Reuters Deutschland Handeslblatt Spiegel FAZ Süddeutsche

Rik said...

If you look at the stuff the South is producing for possible exports and their cost level there simply is a huge mismatch.
Low added value/ few high end products and a cost (wages, taxes, RE, regulation, energy etc) which is 'worldtop'.

This is the real measure of competitiveness. Not the macro thingy most are using for convenience. All the guys or gals wanting to sell abroad that face competition from other countries there.
And Europe's South is extremely poor there. Majority of their products compete with nearly everybody else , including a lot of those with 300 Euro monthly wages. Exception probably only the North of Italy. Rest is simply completely overexpensive economic crap.

And bringing down the Germanies to that level is easy to predict as far as the consequences are concerned.
Not going to happen anyway. No better way to commit political suicide for a German politician. So unrealistic to say the least.

The problem is that you cannot manufacture relatively simple stuff for the worldmarket at a pricelevel that is double of that of some of your main competitors.

Anyway the EU is at the end of the day a group of seperate countries that each trade on the worldmarket. Bringing the Euro somewhat down will not solve the problem in the South. They are clearly simply looking fior an easy scapegoat.
Japan shows that import dependent but not export pricing power countries (like basically the whole South) leads short term to bigger trade gaps. Energy has to be imported whatever happens and the holes are plugged with imports lateron.
This is not a really good looking worldmarket for export growth (worldgrowth is very low at the moment). It is so much easier to frow yourself in a growing market.
And a few others as well. It is not simply 1 Euro less German surplus equals 1 Euro more in the South. Considerably more complicated.

Mark A. Sadowski said...

"Furthermore, if Germany did start reflating quickly, with wages and prices going up, significant problems could be created for the ECB and its middle of the road, one-size-fits-all monetary policy.
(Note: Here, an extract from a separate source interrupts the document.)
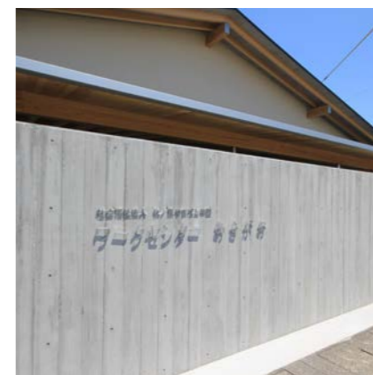
ステンレスで制作した表札。無機質な材料に凸凹をつけ、味わいのある仕上げとした。壁は杉板の型枠を使ったRC壁。

It would find it even harder to marry its single policy for a fast growing Germany and other countries."

On the contrary, more expansionary monetary policy would be a relatively painless way to bring the competitiveness of Germany and the Euro Area periphery into alignment. German workers would get higher wages and unenployed Spanish workers would get jobs. Krugman explained very clearly how this would work:

http://krugman.blogs.nytimes.com/2012/07/29/internal-devaluation-inflation-and-the-euro-wonkish/

It's a win-win solution unless you like the idea of keeping German wages low and Spanish workers unemployed.

Anonymous said...

"Previously in the midst of decline in output, nations could easily avoid necessary structural reforms by just devaluing their national currency."

A Rehnplicant phrase for sure and devoid of any intellectual rigour.

Everytime I read or hear a European savant mention structural reforms it's all about dismantling the welfare state or vague excuses to address the lack of a true economic and fiscal union. Or even worse, since some of the countries who are targeted for "structural reforms" they have already done so and the situation stays the same.
Sounds we have a cauldron for long term EC dismantle.

JL

Rik said...

@Sadowski
You simply miss the point that competitiveness is a worldwide game and the policies suggested are purely intra EZ.
In other words like what we see now extra spending power in Germany will mainly be used for buying stuff from others than the Greeces and Italies of this world.

Rollo said...

What a silly expression, @one size fits all'. What is meant is 'one size fits none'.